E mentre Bossi, come al solito straparla, e l'indomani qualcuno si affretta a commentare: voi sapete com'è, no?, incuranti dei giornali dell'universo mondo che, preoccupati, parlano di crisi seria della democrazia in questo Paese sfortunato, la banda del buco (Tremonti-Brunetta-Sacconi e complici), opera indefessa a smontare quanto in sessant'anni pazientemente, con difficoltà, con gravi errori, con ritorni all'indietro, si era costruito, per dare una parvenza di Stato alla società italiana, e per dare allo Stato un minimo di credenziali giuridico-istituzionali. In fondo c'è una logica che un comparto essenziale come la Scuola (dagli asili all'università) sia stata affidato a una signora semianalfabeta, i cui meriti, come quelli di alcune sue colleghe (vedi l'ineffabile Carfagna dagli occhi sbarrati: ma che fa, Mara, tira di coca?), scopriremo solo attraverso la stampa straniera. La logica è quella della devastazione, appunto; la scuola, la sanità, il lavoro. Rivedere, riformare, correggere…. Privatizzare, mettere sul mercato, trasformare in aziende i servizi pubblici essenziali. Ma come? La scuola deve produrre profitto? La sanità deve dare utili? E noi che per un secolo e mezzo di storia patria avevamo creduto, sulla base di quanto ci insegnavano persone come Ernesto Codignola, Giuseppe Lombardo Radice, Gaetano Salvemini, Benedetto Croce, Luigi Russo, Augusto Monti, Maria Montessori, Giovanni Gentile (sì, anche lui!), e tanti altri con loro, che la scuola deve formare cittadini, deve produrre conoscenza, deve elevare il livello culturale della popolazione, fornendo un servizio essenziale a tutti, cominciando da chi ha meno reddito, ma ha altrettanto in fatto di diritti.

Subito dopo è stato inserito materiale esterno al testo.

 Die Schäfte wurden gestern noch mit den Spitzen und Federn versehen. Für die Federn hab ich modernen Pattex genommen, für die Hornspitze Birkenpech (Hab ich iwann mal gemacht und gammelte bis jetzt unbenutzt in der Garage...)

Mentre gli Hyksos percorrono le patrie terre (dimentichi che esistono anche le patria galere, dove comunque, malgrado il sovraffollamento, un posticino si può sempre scovare), distruggendo, in nome del Mercato, del Profitto, e della Grande Riforma di liciogelliana memoria, si escogitano mezzi affinché non si disturbi il Grande Manovratore, sempre più nervoso e preoccupato (malgrado le cifre mussoliniane del “consenso” dichiarate). La prova è che la costruzione del consenso, sempre più di frequente si abbina alla repressione del dissenso, anche quello lieve che può essere rappresentato dalla Terza Rete della Rai. Mettere il “nemico” nell'impossibilità di parlare, o alla peggio, lasciarlo parlare, ma solo quando lo decide il Capo, negli interstizi, a bassa voce, in modo che nessuno gli possa dar retta. E in ogni modo c'è poi immediatamente un Belpietro, un Feltri, un Rossella, che provvede ad aggredirlo, con un combinato disposto di calunnie e mezze verità (dunque, mezze menzogne) e, soprattutto, ingiurie, contumelie, volgarità.

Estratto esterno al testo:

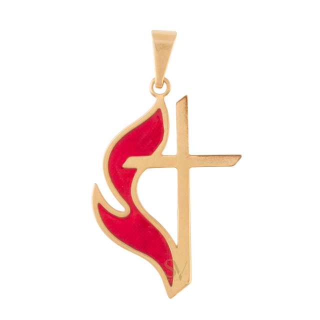 Pingente com chamas,semi joia ouro 18,padrão metodista.

Sicché, in attesa di poter decretare funerali di Stato per Bruno Vespa – Dio ci conservi, naturalmente, il più a lungo possibile il titolare della Terza Camera! – mentre si vocifera di fermare trasmissioni tv come l'eccellente “Report”, o “AnnoZero”, si arriva al punto di impedire la prudentissima “Ballarò”, ma non allineata – e tanto basta – per consentire al mellifluo Vespa (disgusting, direbbero gli inglesi) di officiare in diretta il rito della consegna delle “prime case” ai terremotati d'Abruzzo. Siamo alle “opere e ai giorni del Regime”: come si chiamava una serie del Ventennio, a cui, diciamolo tranquillamente, sia pure con lo stomaco in subbuglio, questo quindicennio berlusconiano sta dando dei punti. Del resto, non si è autodefinito, il Cavaliere, il “miglior presidente del Consiglio” degli ultimi 150 anni?

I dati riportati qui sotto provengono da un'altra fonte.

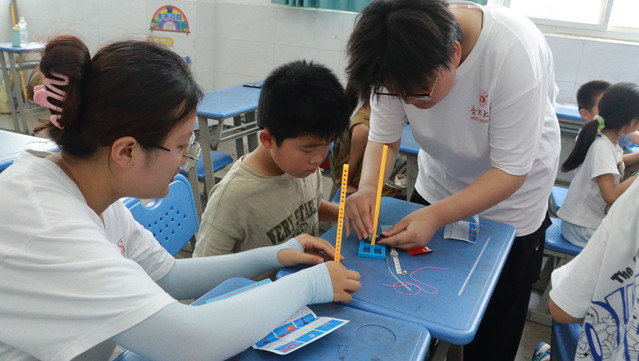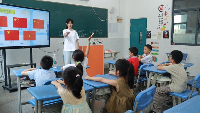 7月7日下午,合肥大學教育學院“同筑鄉村夢,共‘育’振興果”志愿服務隊在合肥市小廟鎮蜀山行知學校開展了暑期“三下鄉”社會實踐活動。教師黃秋語給孩子們帶來一堂理論與實踐相結合的愛國主義教育課,讓孩子們認識我國不同種類的旗幟并了解它們背后的故事。
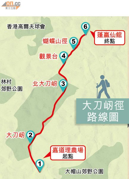 大刀屻左臨八鄉錦田,右望大帽山林村。山勢峭拔,薄如刀刃。為新界西北部其中一條最熱門的行山路線。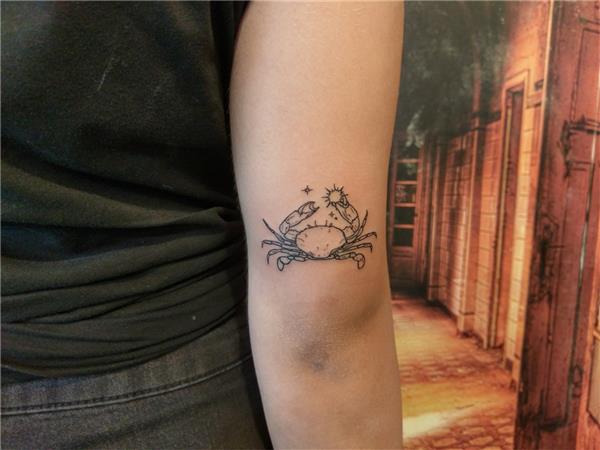 Yengeç Dövmesi, Crab Tattoo, Kol Arkasına Dövme, Yengeç Burcu Dövmesi, Cancer Crab Tattoos, Horoscope Tattoos, Burç Dövmeleri, Yengeç Motifi Dövmesi, Yengeç Güneş ve Yıldızlar Dövmesi

Lasciamogli questa convinzione. In attesa che uno tsunami spazzi via lui, i suoi giannizzeri, i suoi adoratori e le sue ammiratrici: o per dirla altrimenti, la sua corte di lacché e puttane.

PS: Lo tsunami dobbiamo prepararlo noi, non possiamo attenderlo dal cielo, che, a quanto pare, non è più con noi. Ammesso ci sia mai stato.